Moving onto the other category, Dr. Shanmuganathan says that nearly 1 in three among cancer patients has oral cancer in Sri Lanka.
Disclosing some disturbing statistics, he says that of all the cancers prevalent in Sri Lanka, oral cancer amounts to 30%, with a higher incidence among men than women.

The causes are easily preventable, according to Dr. Shanmuganathan, pointing a finger at betel chewing. Going into specifics, he says that although the betel leaf is not harmful, the tobacco, arecanut and chunam (lime) is a lethal cocktail. The tobacco in cigarettes and also beedis are equally harmful.

Lamenting that oral cancer is mainly a disease of the poor, he says that it is easily identifiable, but in Sri Lanka the patients come very late only when there is severe pain. This leads to much misery not only to the patient but also the care-givers and doctors who struggle to treat them.

In the past, MediScene learns, oral cancer affected the cheeks but now more and more cases of cancer affecting the tongue and floor of the mouth are seen. “This may due to changes in habit. The victims may be also consuming alcohol in addition to chewing betel and the lethal cocktail may be moving around the mouth and seeping through the thin mucosa, affecting the tongue as well as the lymph nodes of the neck,” he says.

In the past, MediScene learns, in such instances the jaw would be removed and a flap from the forehead inserted there, but it would present a bad cosmetic effect. Now, says Dr. Shanmuganathan, explaining that they use the “free flap surgery” depending on the tissue affected. “We take a flap from the forearm along with the blood vessels and insert it into the floor of the mouth, connecting the blood vessels to those in the neck.

He cites the other sites from which harvests would be made, depending on the need, such as bone from the hip with the blood vessels, all of which would enable the Oral Maxillo-facial Surgeon to reconstruct the whole face without any cosmetic defects. The other important factor is that the functioning would also not be impaired.

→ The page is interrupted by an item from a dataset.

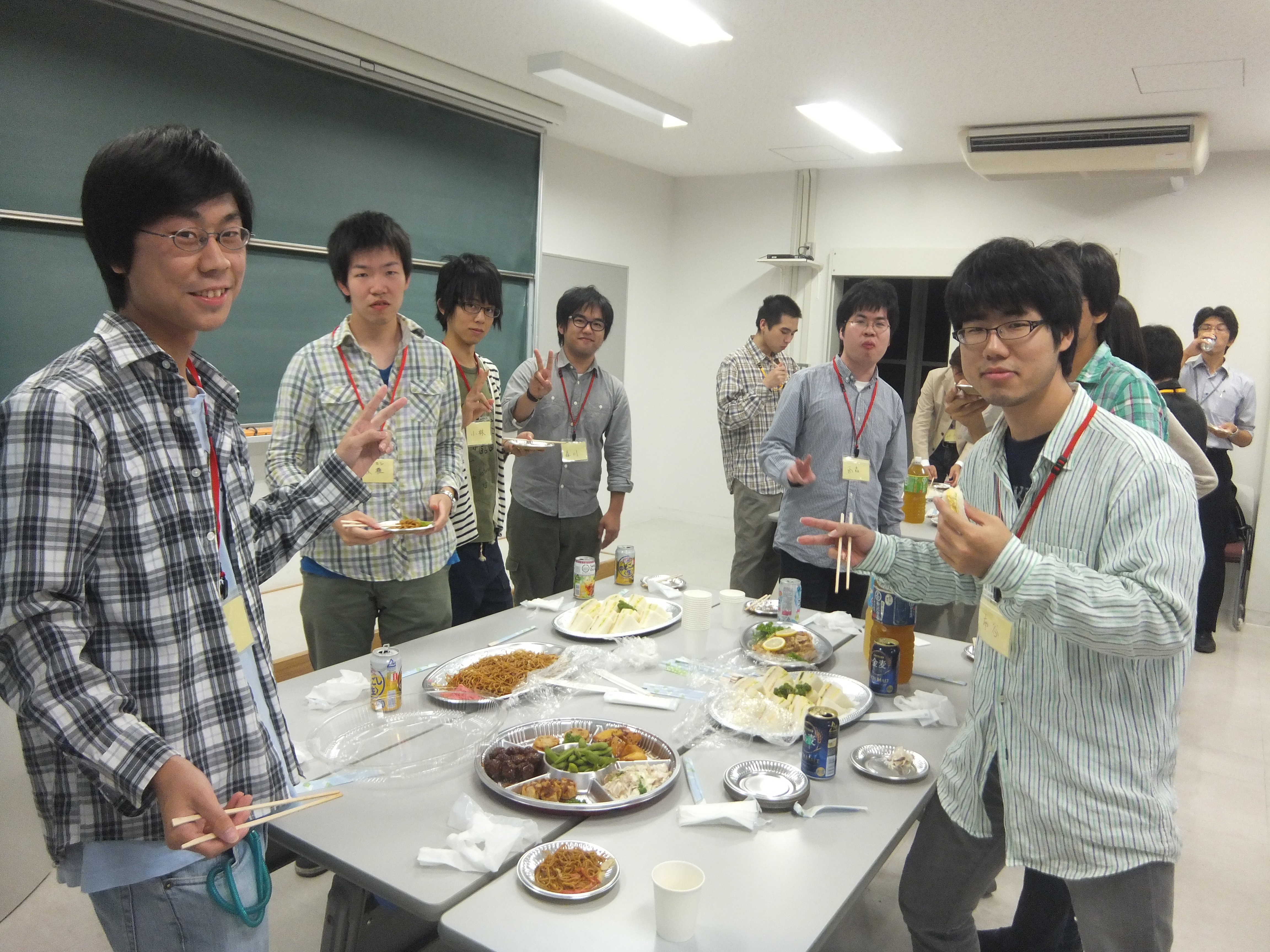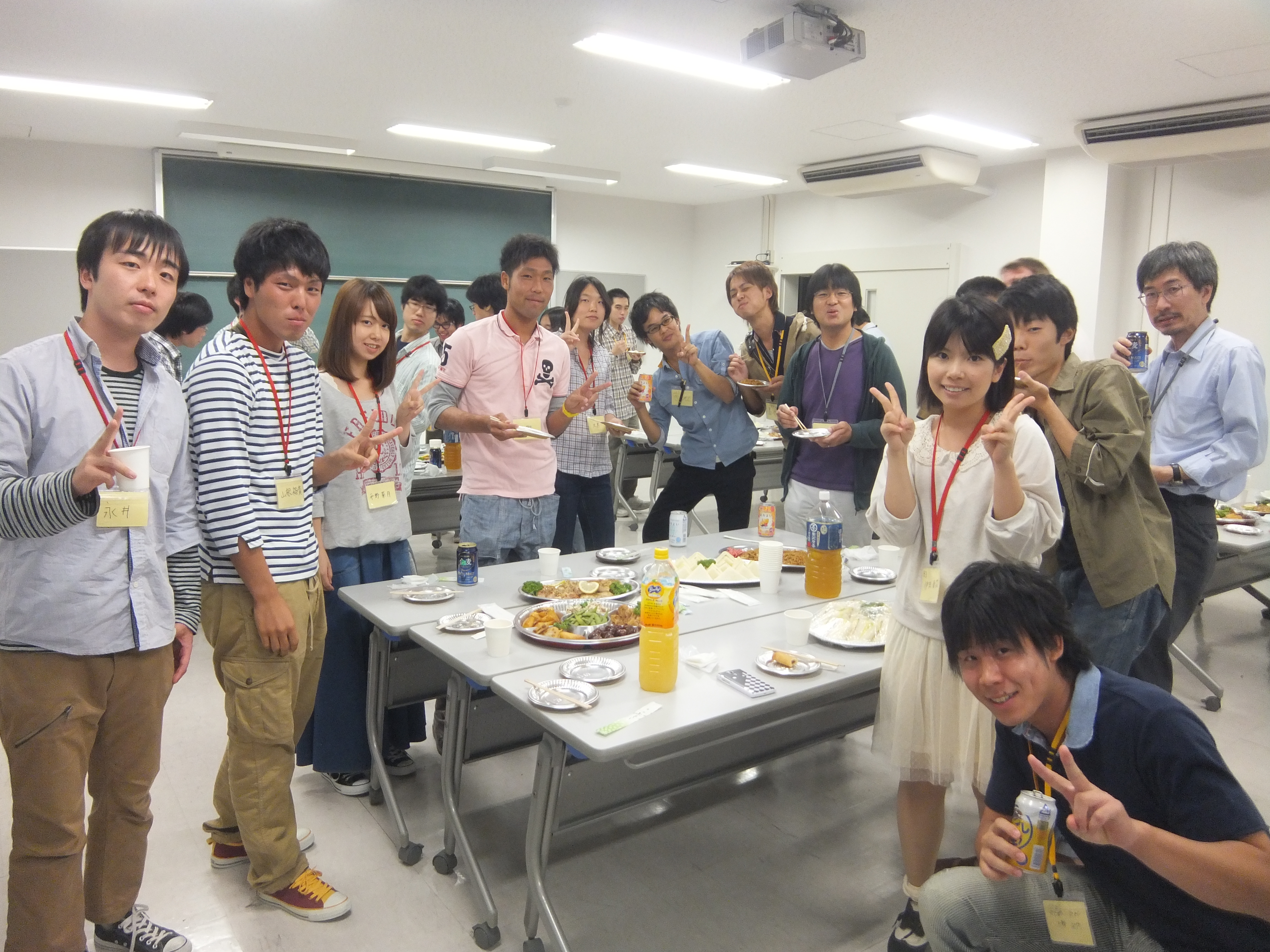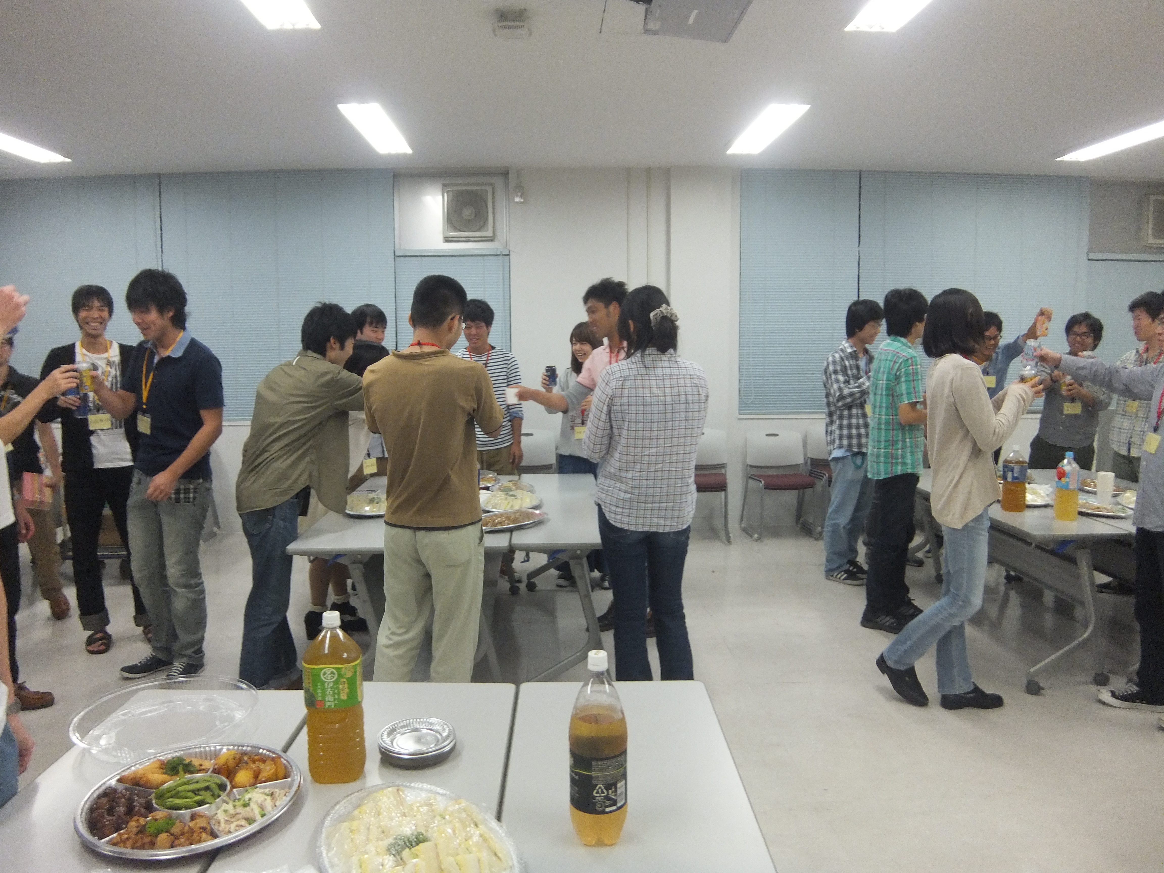 今日は卒研説明会とその後に親睦会!お手伝いをしました。 まだかな、まだかな~笑 参加者があつまったところでいざ乾杯~! まずは3回生たち。説明会おつかれさまでした! 聞きたかったことは聞けたでしょうか。 こちらのテーブルも3回生たち。たくさんの人が参加してくれました^^ 先生方も先輩たちも、たくさん集まってくれました! 説明会だけではわからなかったことが聞ける良いチャンスですね^^ 研究室選びには、研究内容だけでなく、先生や先輩とうまくやっていけるかどうかも重要かもしれません^^ 研究室が違っても、こうして集まって話す機会があるとすごく楽しいし、いいですね~ 久しぶりの田尻くん!! いつもいつもありがとうございます、杉森さん。実は今日も、期待しておりました。笑 仲良しですね!素敵な一枚です。 今回準備をしてくれた平野さん。ありがとう、おつかれさまでした^^ 次回はきっと、林研のBBQですね!11月9日、浜寺公園です^^ 親睦会

Conceding that “it is no easy job”, he says that such surgery which includes 12-14 hours theatre work, is a heavy burden on the government, costing “big money”, around Rs. 1 million. There would be an additional cost if chemo and radio therapy have to be given.

This is why he urges prevention by not resorting to the tobacco habit and coming in early for treatment.

International dental sessions

The Joint International Conference and 80th Anniversary Annual Scientific Sessions of the Sri Lanka Dental Association will be held from June 27 to July 1 at the BMICH in Colombo.  More than 1,000 delegates, both foreign and local, will attend the sessions which are being organised in collaboration with the FDI World Dental Federation and the Commonwealth Dental Association.
MediScene is the print media sponsor of the sessions.

Then there were ‘pullers’, ‘fillers’

Not only did they cut your hair and shave you but they also did what had to be done to your teeth. Yes, in ancient times, barbers doubled up as ‘dentists’, smiles Dr. Shanmuganathan, explaining that it had all to do with the chair. The current chair that Dental Surgeons use is modelled on the humble chair that barbers used, which in those days gave them access to hair and beard as well as the mouths of people, making the task of pulling out teeth easy, according to him.

Dentistry’s early roots lie in Egyptian times when it was a ‘family business’ passed down from father to son. It evolved into a science in the 16th century, MediScene learns, but even then as anaesthesia was not known, whoever was having tooth trouble was held down firmly while the dentist pulled out the offender.

In those times, dentists were just ‘pullers’, ‘fillers’ and ‘cleaners’, says Dr. Shanmuganathan, pointing out that in different parts of the world there would be different interpretations with regard to work done on teeth. A diamond on a tooth would mean prosperity.
Gradually, as demands grew with regard to the teeth work requested, dentistry as a science also developed. While the condition of the teeth matters, now more people are also seeking aesthetic dentistry which includes the face as well, he says.

This led to dentistry branching into several sub-specialities and becoming a state-of-the-art science.